"""
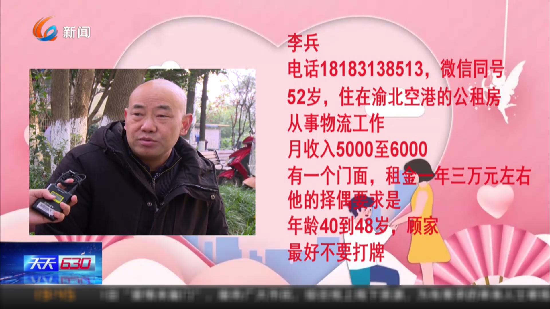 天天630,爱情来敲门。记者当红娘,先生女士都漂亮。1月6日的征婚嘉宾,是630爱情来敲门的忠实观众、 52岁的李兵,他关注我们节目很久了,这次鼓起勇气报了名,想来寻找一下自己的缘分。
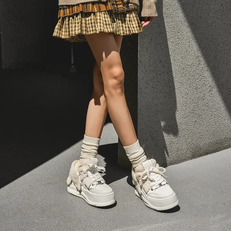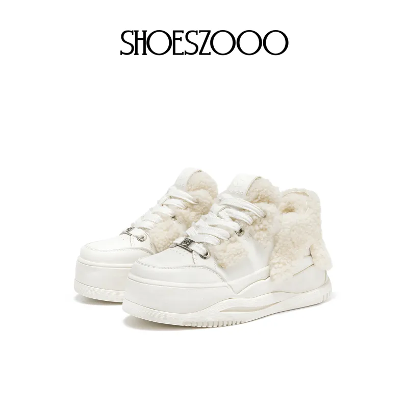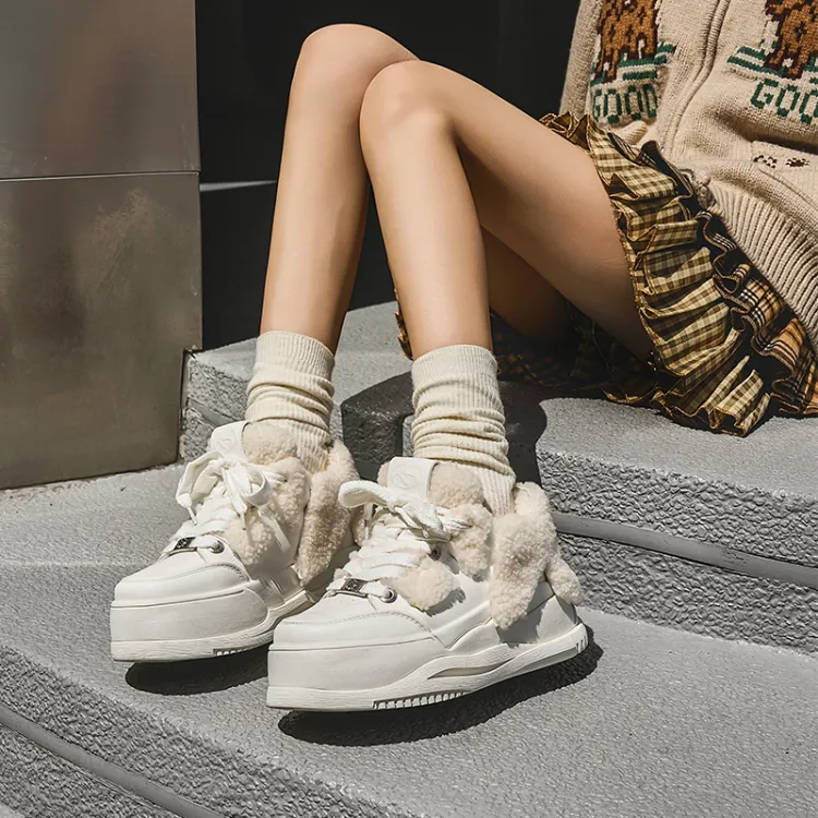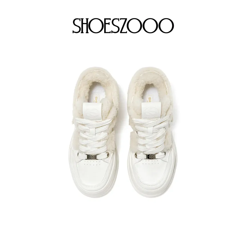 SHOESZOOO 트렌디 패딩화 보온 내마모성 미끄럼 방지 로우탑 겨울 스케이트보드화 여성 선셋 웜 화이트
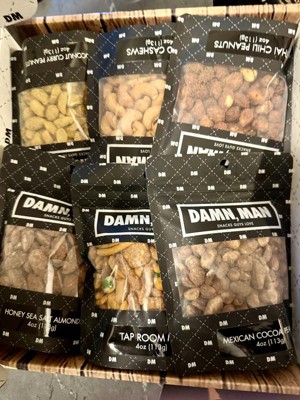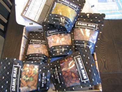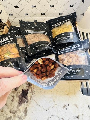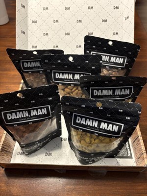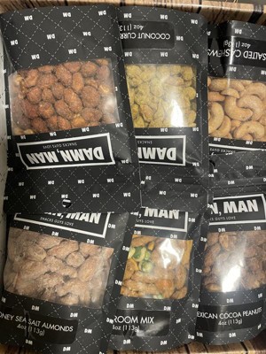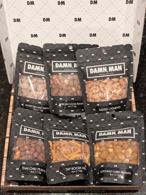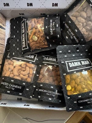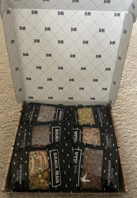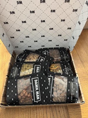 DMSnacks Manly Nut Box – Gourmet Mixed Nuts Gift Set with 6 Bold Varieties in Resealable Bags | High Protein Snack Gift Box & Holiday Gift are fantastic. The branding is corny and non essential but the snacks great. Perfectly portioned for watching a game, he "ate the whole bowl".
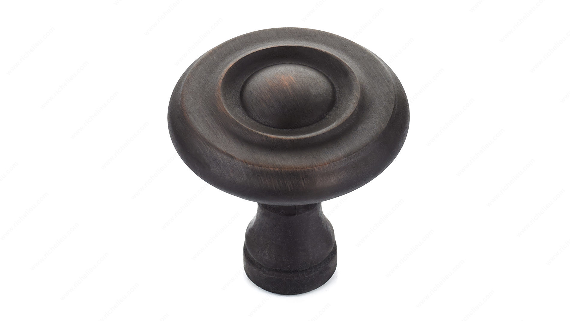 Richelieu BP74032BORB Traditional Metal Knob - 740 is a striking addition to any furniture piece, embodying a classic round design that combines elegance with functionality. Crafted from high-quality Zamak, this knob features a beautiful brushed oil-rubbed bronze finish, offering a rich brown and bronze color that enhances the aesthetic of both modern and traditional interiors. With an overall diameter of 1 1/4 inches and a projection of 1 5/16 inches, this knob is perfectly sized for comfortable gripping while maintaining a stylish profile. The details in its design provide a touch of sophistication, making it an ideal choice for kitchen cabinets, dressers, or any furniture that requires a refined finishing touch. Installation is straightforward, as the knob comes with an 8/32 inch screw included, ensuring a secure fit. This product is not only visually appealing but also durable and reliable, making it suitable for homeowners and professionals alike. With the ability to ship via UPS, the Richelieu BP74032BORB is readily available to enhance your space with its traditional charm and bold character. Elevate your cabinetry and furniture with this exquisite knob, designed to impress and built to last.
"""
What needs to be done:
Could you repeat all of the data exactly, minus the pictures?

Solution for this exercise:
 天天630,爱情来敲门。记者当红娘,先生女士都漂亮。1月6日的征婚嘉宾,是630爱情来敲门的忠实观众、 52岁的李兵,他关注我们节目很久了,这次鼓起勇气报了名,想来寻找一下自己的缘分。
 SHOESZOOO 트렌디 패딩화 보온 내마모성 미끄럼 방지 로우탑 겨울 스케이트보드화 여성 선셋 웜 화이트
 DMSnacks Manly Nut Box – Gourmet Mixed Nuts Gift Set with 6 Bold Varieties in Resealable Bags | High Protein Snack Gift Box & Holiday Gift are fantastic. The branding is corny and non essential but the snacks great. Perfectly portioned for watching a game, he "ate the whole bowl".
 Richelieu BP74032BORB Traditional Metal Knob - 740 is a striking addition to any furniture piece, embodying a classic round design that combines elegance with functionality. Crafted from high-quality Zamak, this knob features a beautiful brushed oil-rubbed bronze finish, offering a rich brown and bronze color that enhances the aesthetic of both modern and traditional interiors. With an overall diameter of 1 1/4 inches and a projection of 1 5/16 inches, this knob is perfectly sized for comfortable gripping while maintaining a stylish profile. The details in its design provide a touch of sophistication, making it an ideal choice for kitchen cabinets, dressers, or any furniture that requires a refined finishing touch. Installation is straightforward, as the knob comes with an 8/32 inch screw included, ensuring a secure fit. This product is not only visually appealing but also durable and reliable, making it suitable for homeowners and professionals alike. With the ability to ship via UPS, the Richelieu BP74032BORB is readily available to enhance your space with its traditional charm and bold character. Elevate your cabinetry and furniture with this exquisite knob, designed to impress and built to last.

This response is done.